What you have to do — Your answer should be a single number: how many lines of the material below contain "Yorketown".

Supplied material —
══════════

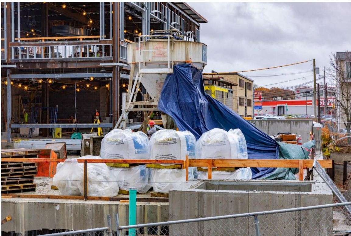
Caption: Photo of the southern corner of the active construction site taken from the north side of Town Hall on Friday, November 12, 2021. The large white bags shown at the center of the photo contain concrete mixture for mortar and grout.

Note: To subscribe to the Public Safety Building Project e-mail notifications, click here to provide your name and email address.
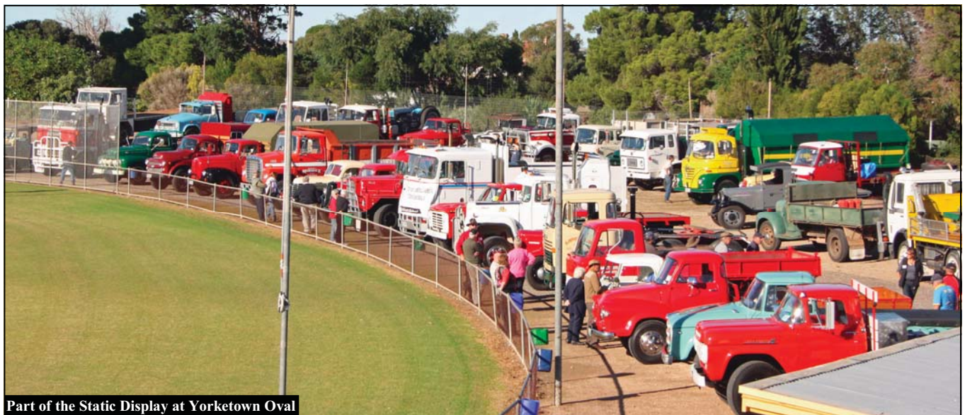
Part of the Static Display at Yorketown Oval

Saturday morning the vehicles assembled ready for the drive to Yorketown for a static display and morning tea at the local football ground. It was quite a

══════════

Exercise answer — 2